━━━━━ Material shown ━━━━━
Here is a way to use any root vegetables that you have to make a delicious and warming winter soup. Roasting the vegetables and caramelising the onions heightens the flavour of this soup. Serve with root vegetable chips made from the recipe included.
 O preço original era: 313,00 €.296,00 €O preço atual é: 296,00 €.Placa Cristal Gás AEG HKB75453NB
━━━━━
━━━━━ Material shown ━━━━━
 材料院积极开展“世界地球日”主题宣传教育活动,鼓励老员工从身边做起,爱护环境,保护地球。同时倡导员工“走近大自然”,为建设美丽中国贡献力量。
━━━━━
- [Problem to solve]
The lines above from the one containing "Here is a way" through the one containing "O preço original" are to be set down exactly, and no others.

- [Task response]
Here is a way to use any root vegetables that you have to make a delicious and warming winter soup. Roasting the vegetables and caramelising the onions heightens the flavour of this soup. Serve with root vegetable chips made from the recipe included.
 O preço original era: 313,00 €.296,00 €O preço atual é: 296,00 €.Placa Cristal Gás AEG HKB75453NB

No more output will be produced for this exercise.